■ **Your assignment**
When copying the listing below, skip every picture and keep each word as it stands.

■ **Information shown**
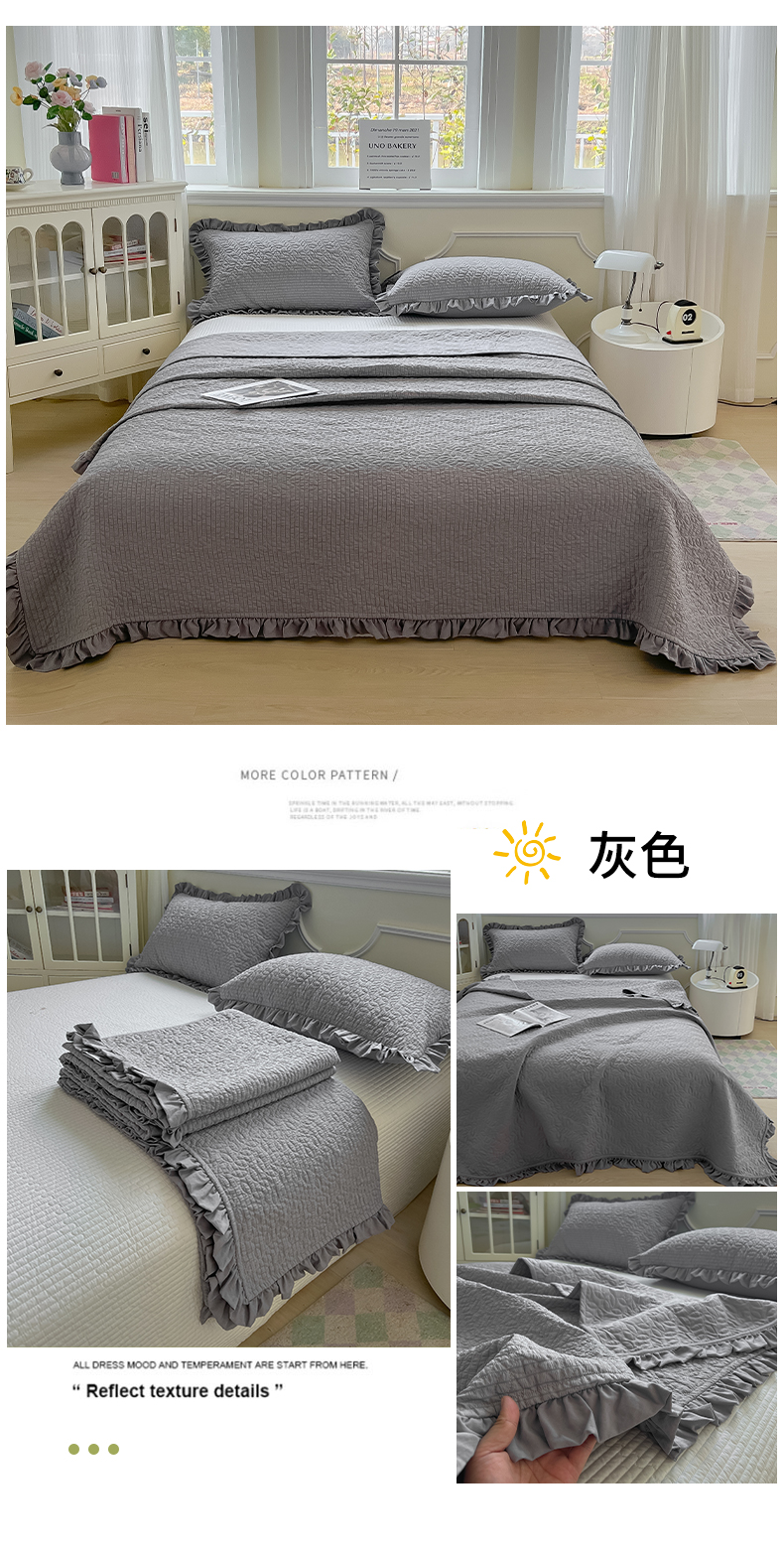 乐卧家居 2026新款韩国INS风简约时尚绗缝荷叶边夏被 灰色,灰色
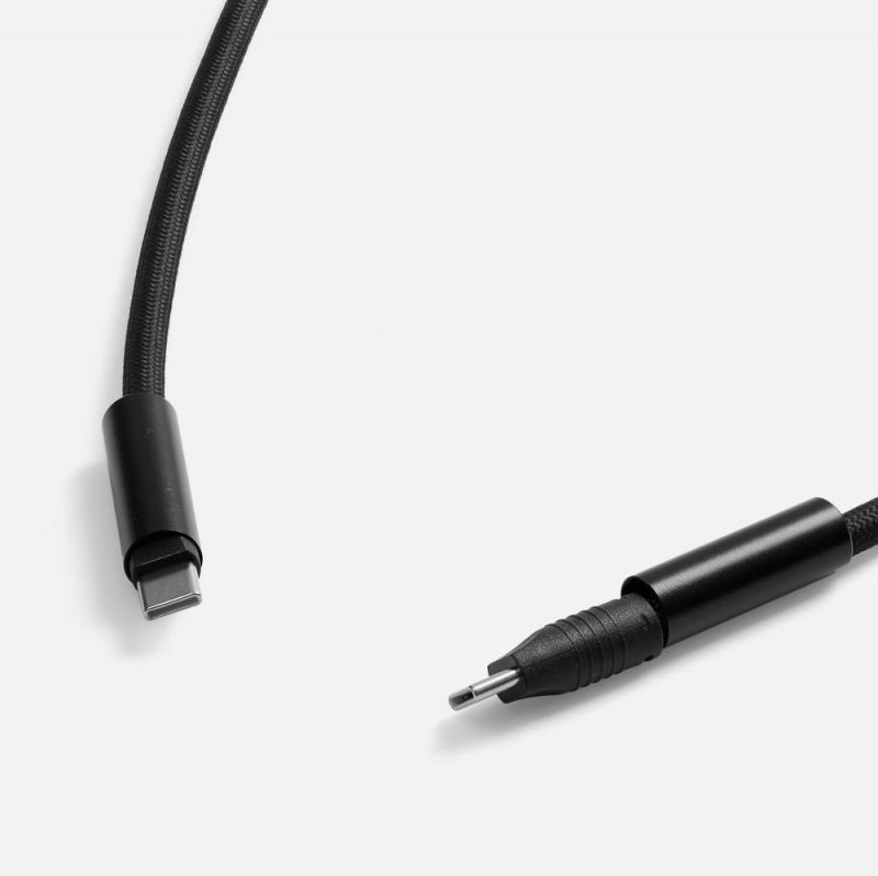 Кабель в прочной нейлоновой оплетке не заламывается и не путается, а металлическая фурнитура добавляет надежности и визуальной привлекательности.
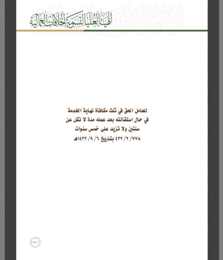 للعامل الحق في ثلث مكافأة نهاية الخدمة في حال استقالته بعد عمله مدة لاتقل عن سنتين ولا تزيد على خمس سنوات

■ **Expected answer**
 乐卧家居 2026新款韩国INS风简约时尚绗缝荷叶边夏被 灰色,灰色
 Кабель в прочной нейлоновой оплетке не заламывается и не путается, а металлическая фурнитура добавляет надежности и визуальной привлекательности.
 للعامل الحق في ثلث مكافأة نهاية الخدمة في حال استقالته بعد عمله مدة لاتقل عن سنتين ولا تزيد على خمس سنوات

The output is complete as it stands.